Providing both python and R language codes with the same output for
comparison:
Python:
filtered_flights = flights[(flights['dep_time'].between(0, 600)) | (flights['dep_time'] == 2400)]
R language:
flights %>% filter(between(dep_time, 0, 600) | dep_time == 2400)
Exercise 4
We also have need to make sure the data is ordered in a certain manner. This can be easily done in R with the arrange() function.
## # A tibble: 336,776 × 19
## year month day dep_time sched_dep_time dep_delay arr_time sched_arr_time
## <int> <int> <int> <int> <int> <dbl> <int> <int>
## 1 2013 12 7 2040 2123 -43 40 2352
## 2 2013 2 3 2022 2055 -33 2240 2338
## 3 2013 11 10 1408 1440 -32 1549 1559
## 4 2013 1 11 1900 1930 -30 2233 2243
## 5 2013 1 29 1703 1730 -27 1947 1957
## 6 2013 8 9 729 755 -26 1002 955
## 7 2013 10 23 1907 1932 -25 2143 2143
## 8 2013 3 30 2030 2055 -25 2213 2250
## 9 2013 3 2 1431 1455 -24 1601 1631
## 10 2013 5 5 934 958 -24 1225 1309
## # ℹ 336,766 more rows
## # ℹ 11 more variables: arr_delay <dbl>, carrier <chr>, flight <int>,
## # tailnum <chr>, origin <chr>, dest <chr>, air_time <dbl>, distance <dbl>,
## # hour <dbl>, minute <dbl>, time_hour <dttm>
Providing both python and R language codes with the same output for
comparison:
Python:
sorted_data = flights.sort_values(by=['dep_delay'])
R language:
flights %>% arrange(dep_delay)
Exercise 5
Find the 10 most delayed flights (dep_delay) using a ranking function.
## # A tibble: 10 × 20
## year month day dep_time sched_dep_time dep_delay arr_time sched_arr_time
## <int> <int> <int> <int> <int> <dbl> <int> <int>
## 1 2013 1 9 641 900 1301 1242 1530
## 2 2013 6 15 1432 1935 1137 1607 2120
## 3 2013 1 10 1121 1635 1126 1239 1810
## 4 2013 9 20 1139 1845 1014 1457 2210
## 5 2013 7 22 845 1600 1005 1044 1815
## 6 2013 4 10 1100 1900 960 1342 2211
## 7 2013 3 17 2321 810 911 135 1020
## 8 2013 6 27 959 1900 899 1236 2226
## 9 2013 7 22 2257 759 898 121 1026
## 10 2013 12 5 756 1700 896 1058 2020
## # ℹ 12 more variables: arr_delay <dbl>, carrier <chr>, flight <int>,
## # tailnum <chr>, origin <chr>, dest <chr>, air_time <dbl>, distance <dbl>,
## # hour <dbl>, minute <dbl>, time_hour <dttm>, dep_delay_rank <int>
Providing both python and R language codes with the same output for
comparison:
Python:
flights['dep_delay_rank'] = flights['dep_delay'].rank(method='min', ascending=True)

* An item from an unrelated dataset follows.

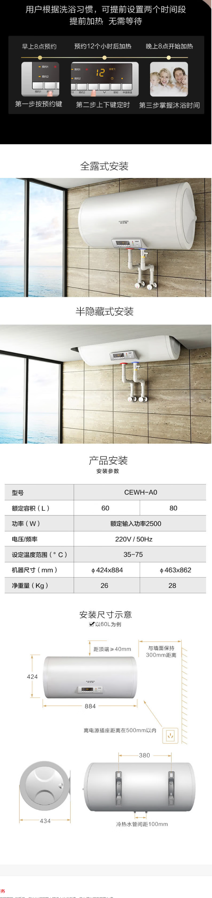 史密斯(509052)(A.O.SMITH)电热水器CEWH-80A0

sorted_data = flights.sort_values(by='dep_delay_rank', ascending=False)
top_10 = sorted_data.head(10)
R language:
flights %>%
mutate(dep_delay_rank = min_rank(dep_delay)) %>%
arrange(desc(dep_delay_rank)) %>%
head(10)
# other way suggested on labs
flights %>%
arrange(-dep_delay) %>%
head(10)
Exercise 6
Which carrier has the worst delays?
## # A tibble: 10 × 2
## carrier delay
## <chr> <dbl>
## 1 OO 60.6
## 2 YV 51.1
## 3 9E 49.3
## 4 EV 48.3
## 5 F9 47.6
## 6 VX 43.8
## 7 FL 41.1
## 8 WN 40.7
## 9 B6 40.0
## 10 AA 38.3
Most delayed carrier using this model is “OO”.

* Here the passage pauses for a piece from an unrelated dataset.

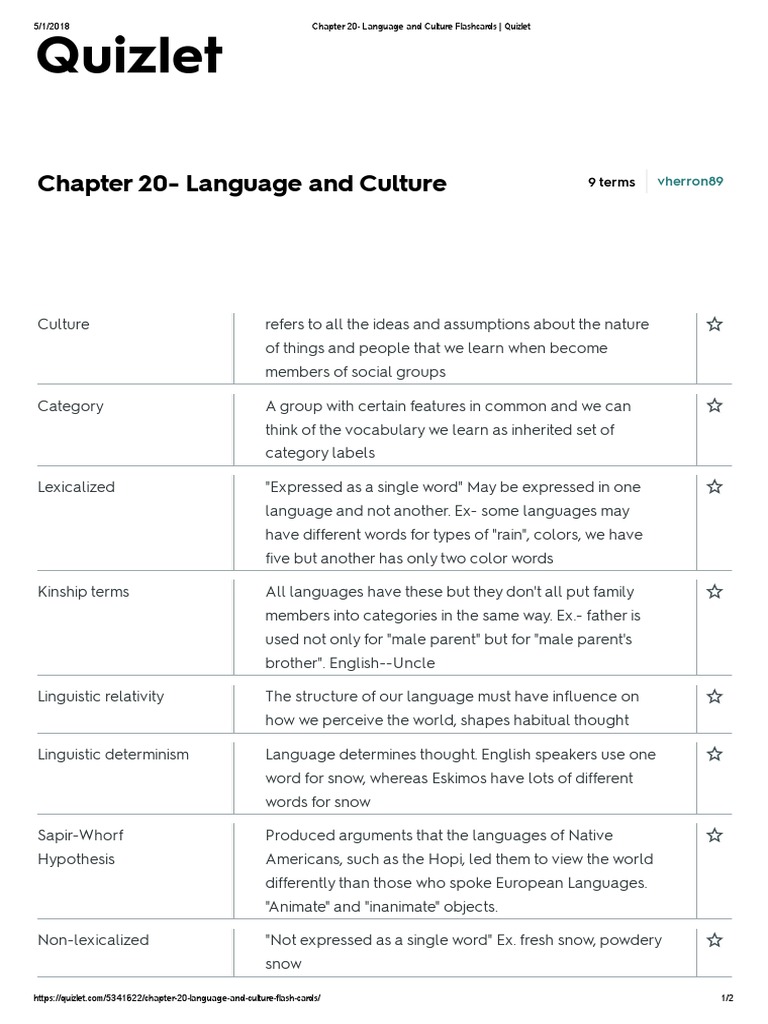 Chapter 20 Language And Culture Flashcards Quizlet Word

Providing both python and R language codes with the same output for
comparison:
Python:
filtered_flights = flights[flights['arr_delay'] > 0]
delay_carrier = filtered_flights.groupby('carrier')['arr_delay'].mean().reset_index()

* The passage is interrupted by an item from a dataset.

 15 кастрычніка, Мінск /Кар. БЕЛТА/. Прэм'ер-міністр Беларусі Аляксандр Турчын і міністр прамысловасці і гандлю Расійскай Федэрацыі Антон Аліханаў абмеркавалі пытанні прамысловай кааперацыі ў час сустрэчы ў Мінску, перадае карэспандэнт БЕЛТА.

delay_carrier_sorted = delay_by_carrier.sort_values(by='arr_delay', ascending=False)
top_10_delayed_carriers = delay_by_carrier_sorted.head(10)
R language:
flights %>%
filter(arr_delay>0) %>%
group_by(carrier) %>%
summarise(delay = mean(arr_delay)) %>%
arrange(desc(delay)) %>%
head(10)
Report summary
This report was created to show how to solve the tasks from the first lab. Moreover, it shows the difference between R and Python language in the context of the above tasks. It turns out that for simple tasks, the differences in the use of these languages are small if not insignificant.